Ce que je pense de Bouteflika -27-
Posté par imsat le 3 février 2014
« l’Algérie est un pays ben étrange. Son problème, c’est que le algériens ne s’aiment pas entre eux. Et puis, je ne comprends pas pourquoi les jeunes ne veulent travailler ni dans l’agriculture ni dans le BTP où les besoins en main d’oeuvre sont pourtant immenses. Ils veulent tous être gardiens de nuit dans l’administration ». Je le dis de but en blanc : Je ne trouve rien de discutable dans cet extrait du discours prononcé par Bouteflika le 26 juillet 2008 devant les maires du pays. L’observation du Président résume d’une certaine façon le malaise algérien dans sa configuration la plus profonde, la plus complexe. Je m’abstiens de plancher sur les causes à l’origine de cette détestation de l’algérien pour l’algérien. Je n’ai pas envie de faire l’impasse sur la valeur intrinsèque du constat. Les gens, en tout cas beaucoup d’entre eux, sont souvent expéditifs dans l’évaluation de ce que la réalité leur donne à voir. Il sont impatients de connaître la suite des choses tout en restant dans la superficialité. Moi, ce qui m’intéresse en premier lieu, ce sont les remarques liminaires, leur vérité, leur audace éventuelle, leur portée didactique. Partout dans le monde, les gens ne s’aiment pas entre eux.
Certains qualificatifs se suffisent à eux-mêmes. La lutte des classes a pris d’autres formes d’expression, d’autres dimensions. Les voisins ne s’aiment pas vraiment entre eux. Quand Bouteflika dit trouver étrange notre pays, c’est vrai. Etrange pourrait signifier incompréhensible, curieux, invraisemblable, étonnant, stupéfiant, bizarre, hors-normes. Ce qui est notable, c’est qu’il l’ait pensé et dit. Les sociologues vont directement aux causes du constat; ils en parlent de façon alambiquée. Ils croient détenir la vérité.
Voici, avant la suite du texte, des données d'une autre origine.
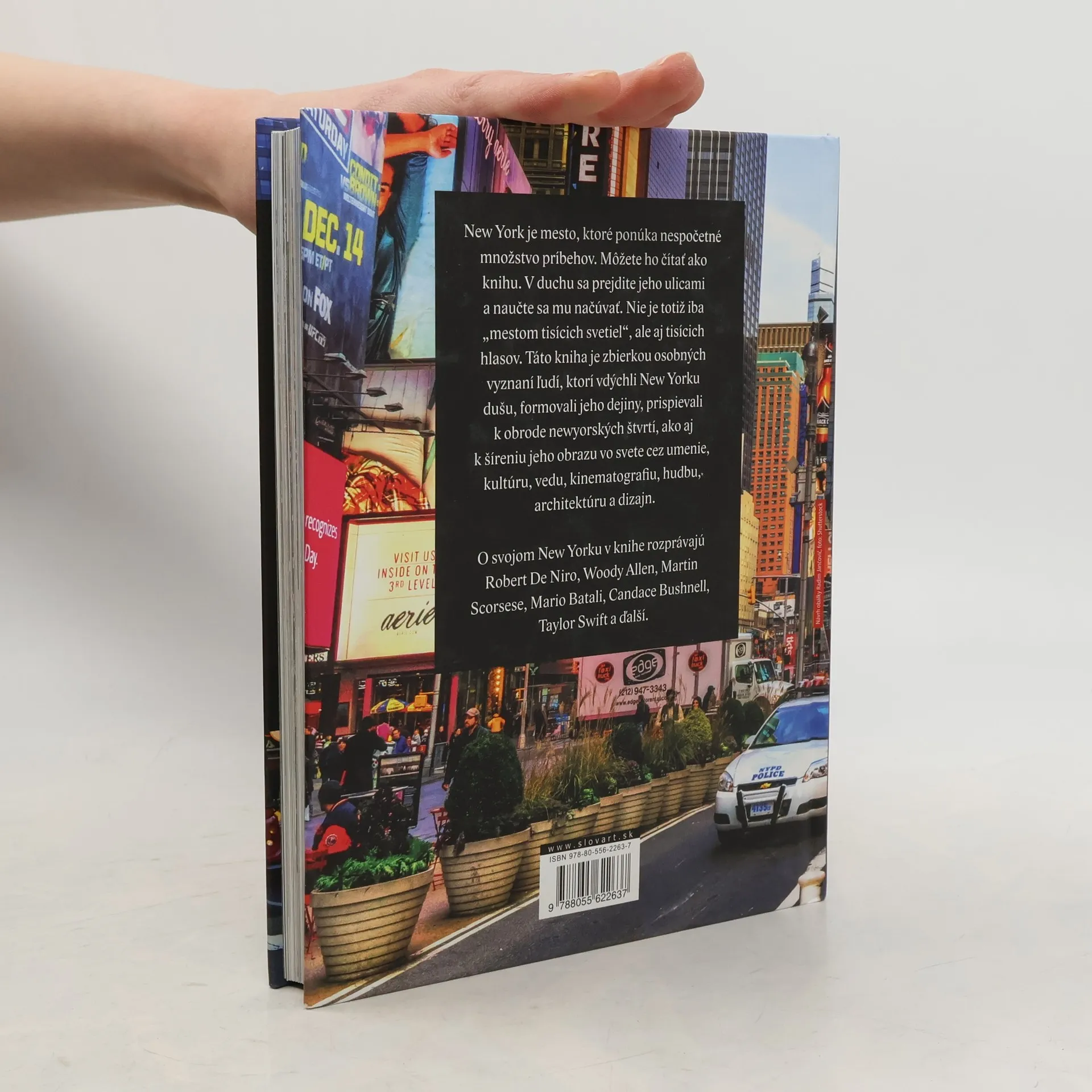 New York je mesto, ktoré ponúka nespočetné množstvo príbehov. Môžete ho čítať ako knihu. V duchu sa prejdite jeho ulicami a naučte sa načúvať mu. Nie je totiž iba „mestom tisícich svetiel", ale aj tisícich hlasov. Táto kniha je zbierkou osobných vyznaní ľudí, ktorí vdýchli New Yorku dušu, formovali jeho dejiny, prispievali k obrode newyorských štvrtí, ako aj k šíreniu jeho obrazu vo svete cez umenie, kultúru, vedu, kinematografiu, hudbu, architektúru a dizajn. O svojom New Yorku rozprávajú: Robert De Niro, Woody Allen, Martin Scorsese, Mario Batali, Candace Bushnell, Taylor Swift a ďalší.

Ils ne prennent pas le temps d’apprécier le préambule, l’exposé des faits. Ils aimeraient empêcher les autres de s’imprégner des observations de base. Ce sont des rabat-joie. Quand j’ai entendu Bouteflika évoquer l’étrangeté de l’Algérie, le rapport controversé, conflictuel de l’algérien à l’algérien, les gardiens de nuit, j’ai d’abord tout de suite adhéré au propos. Le Président avait raison. Pourquoi ? Parce que ce qu’il disait était dans la rue, dans la vraie vie. Tout le monde disait la même chose, même ceux qui voulaient devenir gardiens de nuit. Sauf que dans la bouche du Chef de l’Etat, cela a pris une autre signification, une autre résonance. Moi si je dis que l’Algérie est un pays bien étrange, ça ne prend pas, ça n’a pas d’impact. Mais quand ça vient du Président, c’est autre chose. Les historiens, les sociologues essaient de tout expliquer alors que certains qualificatifs se suffisent à eux-mêmes. Les algériens ne s’aiment pas entre eux. Soit. Les flamands et les wallons non plus. Idem pour les français, les russes, les espagnols et les catalans, les indiens. Ce n’est pas la comparaison qui est intéressante. Moi, ce que je retiens, c’est la sidération de Bouteflika face à une réalité connue de tous. C’est le mot étrange qui m’a interpellé. Prononcé par le Président, il vient relativiser en quelque sorte le pouvoir de compréhension et d’action du premier magistrat du pays. Et c’est cela que je trouve digne d’intérêt. L’étrange échappe à l’entendement, au raisonnement logique, au bon sens.